Task instructions -
Your answer must be the lines from the start of the records through the line with "Der Nachmittag stand", exactly as written, without the pictures.

Entries provided -
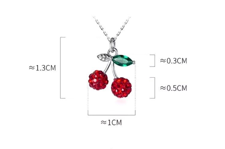Experience the luscious beauty of nature with our sparkling cherry fruit pendant necklace. Made with 925 sterling silver and adorned with red cubic zirconia, this necklace is perfect for adding a touch of elegance to any outfit. Choose between silver or gold plate and complete the look with a solid 925 sterling silver cable chain. Own a stunning piece of jewelry today.
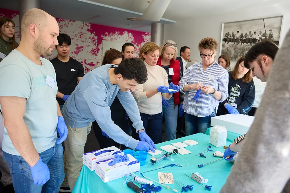 Der Nachmittag stand dann wie immer im Zeichen der Workshops. Die Physiotherapeuten der ATOS Orthoparc Klinik führten ihre Kollegen in drei großen Gruppen zu den Workshopräumen. Chefarzt Dr. Christopoulos ließ es sich in diesem Jahr nicht nehmen, einen eigenen Workshop anzubieten. Er demonstrierte anhand seines OP-Instrumentariums die einzelnen Schritte einer Zementkyphoplastie bzw. einer Spondylodese. Unterstützt wurde er von seiner OP-Assistentin Madita Block. Hier hatten die Gäste auch ausreichend Gelegenheit, das OP-Instrumentarium sowie den verwendeten Knochenzement im wahrsten Sinne des Wortes zu „begreifen“ (Abb. 2).
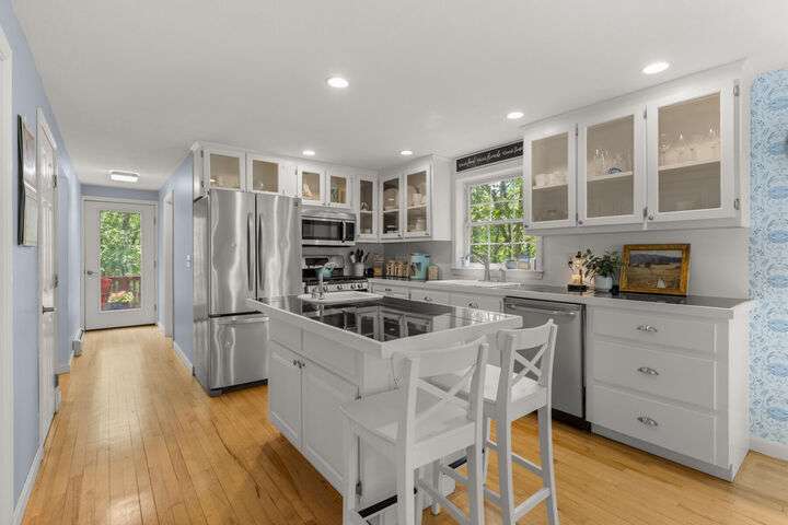 Welcome to 239 Clay Hill Road, where beach days, hiking trails, and boutique shopping define your days, and evening cookouts on a private lot define your nights. Set high on a scenic hill, this sprawling Cape is surrounded by mature trees and natural stone landscaping, offering a peaceful retreat just 2 miles from Ogunquit's beaches, restaurants, and the scenic Marginal Way. A charming farmer's porch invites you into a spacious, sunlit foyer and open-concept kitchen and living area that is perfect for daily living and entertaining. Coastal blue accents, warm wood floors, and oversized windows bring in natural light and a sense of ease throughout the home. Step out onto one of two decks to take in the fresh air and serene wooded views. With 3 bedrooms and 3 full bathrooms, the layout offers both functionality and privacy. The primary suite is thoughtfully separated from the other bedrooms and features a walk-in closet and full bath, creating a tranquil space to unwind. The finished lower level basement provides flexible space for a home office, movie nights, guests, or hobbies, plus ample storage. Located just down the road from the beloved Clay Hill Farm restaurant, this property sits in the desirable York School District with low taxes and easy access to golf, boating, Mount Agamenticus trails, and local amenities. Whether you're seeking a primary residence, vacation home, or investment property, 239 Clay Hill Road offers an ideal blend of coastal charm and comfort.
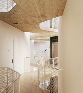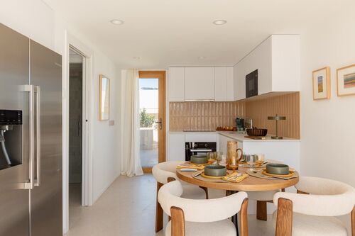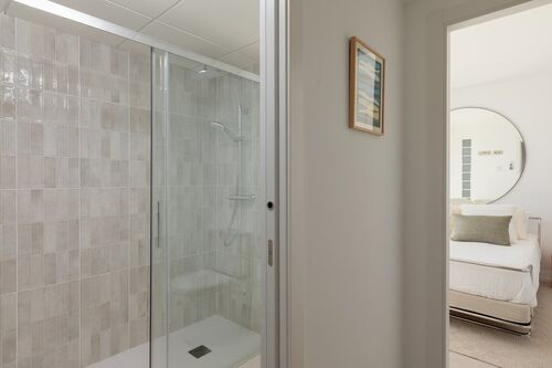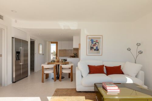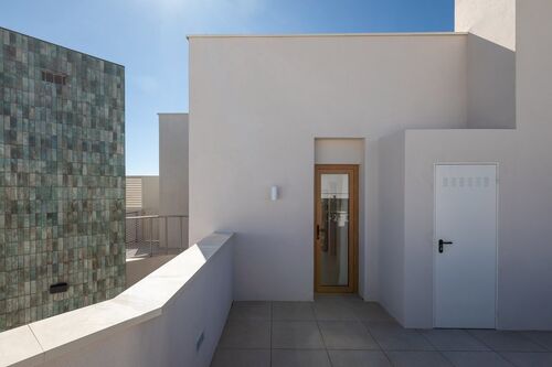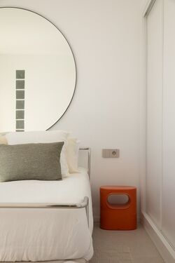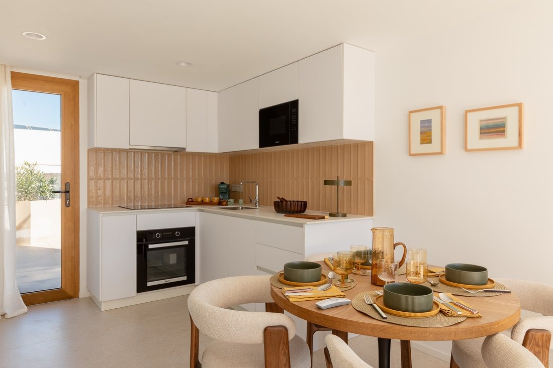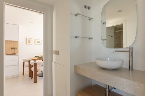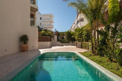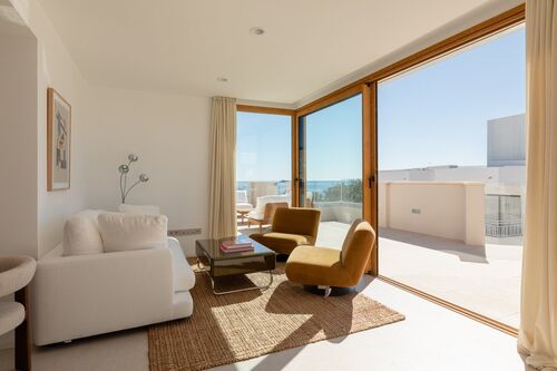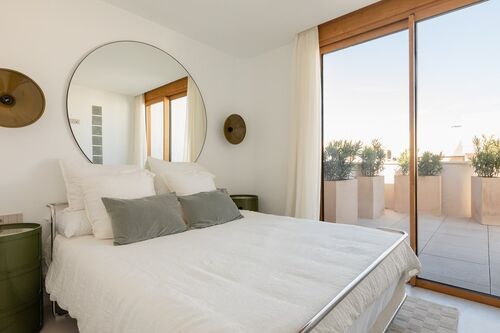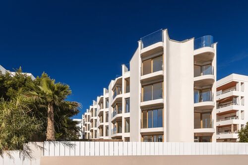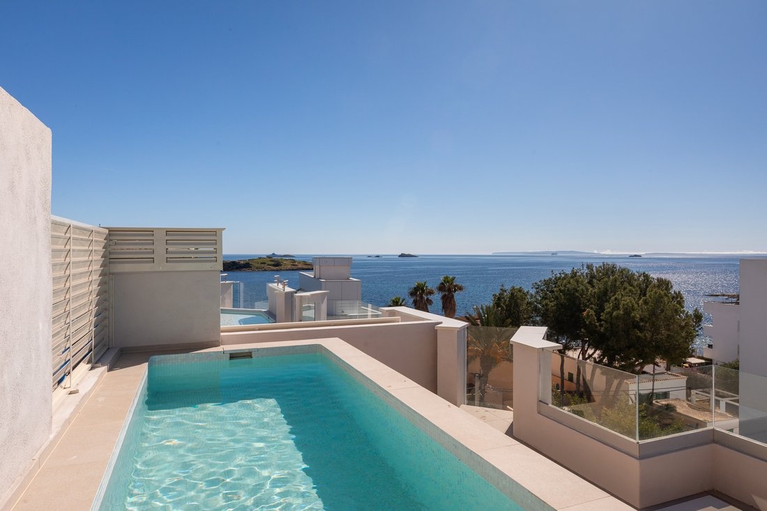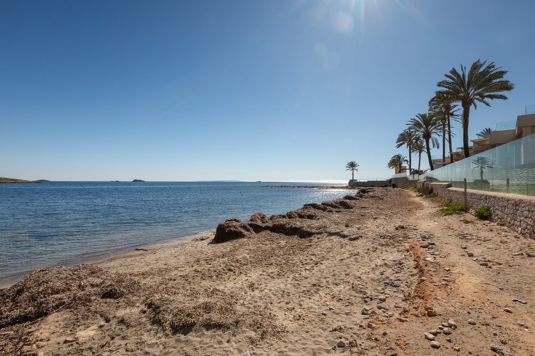 The center of Ibiza is about 10–15 minutes away, and the airport is also within close reach. The area is lively, while the building itself remains quiet, making it suitable both for year-round living and longer stays.
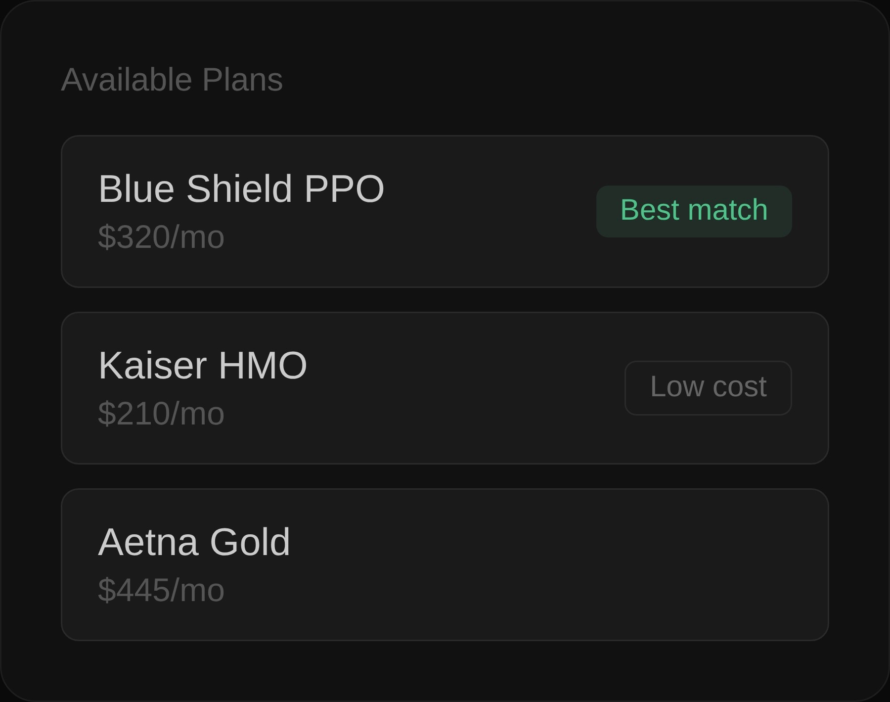 We surface the best insurance plans for your needs, ranked by coverage and cost.
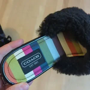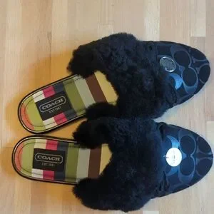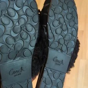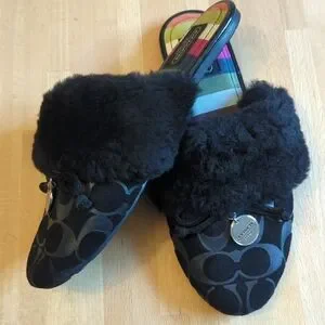 Coach Designer Carra Black Faux Fur Slip-On Slipper Shoes W/ Logo Charm Luxe
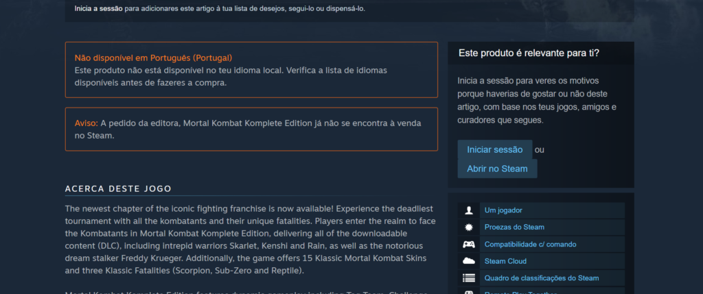 Contudo, vale lembrar que não é a primeira vez que um jogo de Mortal Kombat é removido abruptamente do Steam. Mortal Kombat Arcade Kollection sofreu o mesmo fatality em 2017.
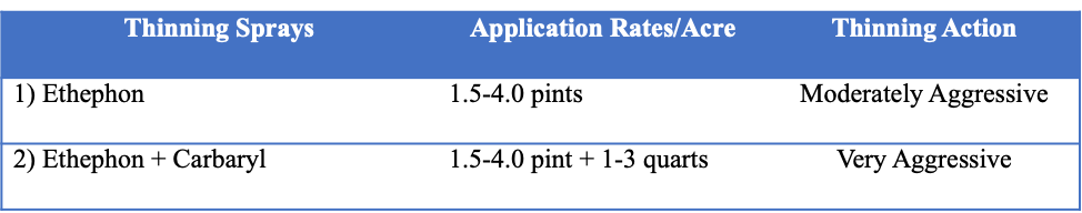 • When aggressive thinning is needed, mix carbaryl or NAA with ethephon.
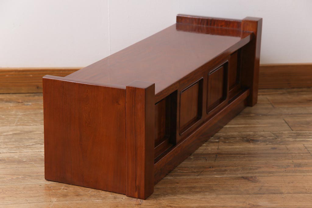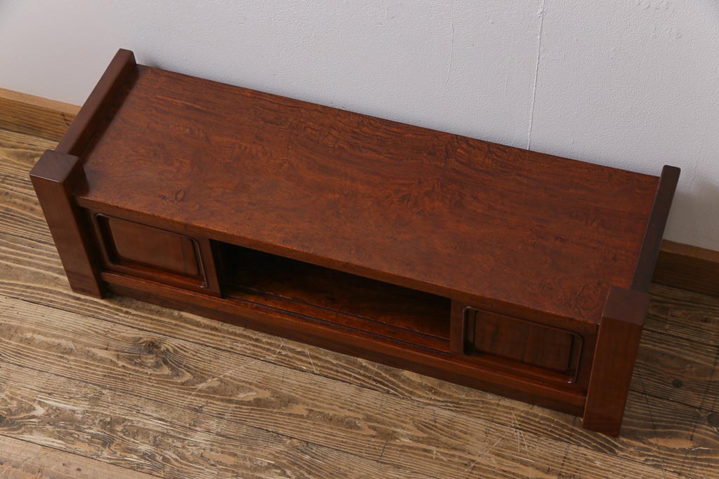 ビンテージ カリン材無垢材 小振りながら重厚感のある置き床(ローボード、戸棚)です。
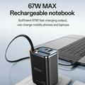 - Moc szybkiego ładowania 67 W - zapewnia szybkie ładowanie za pośrednictwem wbudowanego, zwijanego kabla typu C, zapewniając szybki zastrzyk energii dla smartfonów, tabletów i innych urządzeń zasilanych przez USB.
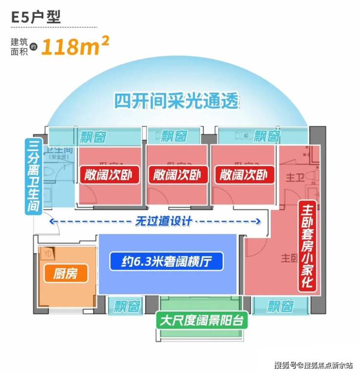 约100㎡的三房户型,三开间全部朝南,通风采光无死角,尽享阳光的宠溺。
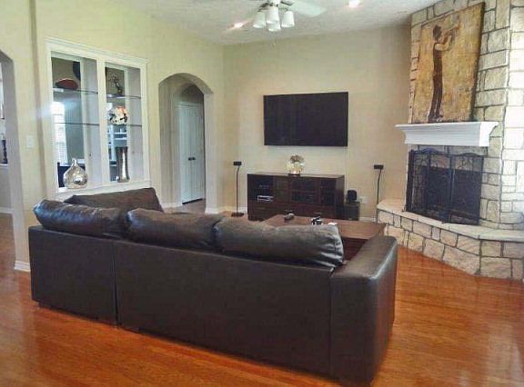 Light & bright home w/ the liv area & luxurious master bedrm downstairs & 2 full bedrms upstairs. Master bathrm has Jacuzzi tub, separate ceramic shower, dble sinks & walk-in closet. Special touches in the open liv area w/ high ceilings & fp. Home also has formal dining, study/office w/ built-ins, an open kit area which is ideal for entertaining that has granite countertops, island, walk-in pantry & bar area, a breakfast area & an inside laundry rm. Outdoor area has a manicured Zoysia grass lawn

Answer -
Experience the luscious beauty of nature with our sparkling cherry fruit pendant necklace. Made with 925 sterling silver and adorned with red cubic zirconia, this necklace is perfect for adding a touch of elegance to any outfit. Choose between silver or gold plate and complete the look with a solid 925 sterling silver cable chain. Own a stunning piece of jewelry today.
 Der Nachmittag stand dann wie immer im Zeichen der Workshops. Die Physiotherapeuten der ATOS Orthoparc Klinik führten ihre Kollegen in drei großen Gruppen zu den Workshopräumen. Chefarzt Dr. Christopoulos ließ es sich in diesem Jahr nicht nehmen, einen eigenen Workshop anzubieten. Er demonstrierte anhand seines OP-Instrumentariums die einzelnen Schritte einer Zementkyphoplastie bzw. einer Spondylodese. Unterstützt wurde er von seiner OP-Assistentin Madita Block. Hier hatten die Gäste auch ausreichend Gelegenheit, das OP-Instrumentarium sowie den verwendeten Knochenzement im wahrsten Sinne des Wortes zu „begreifen“ (Abb. 2).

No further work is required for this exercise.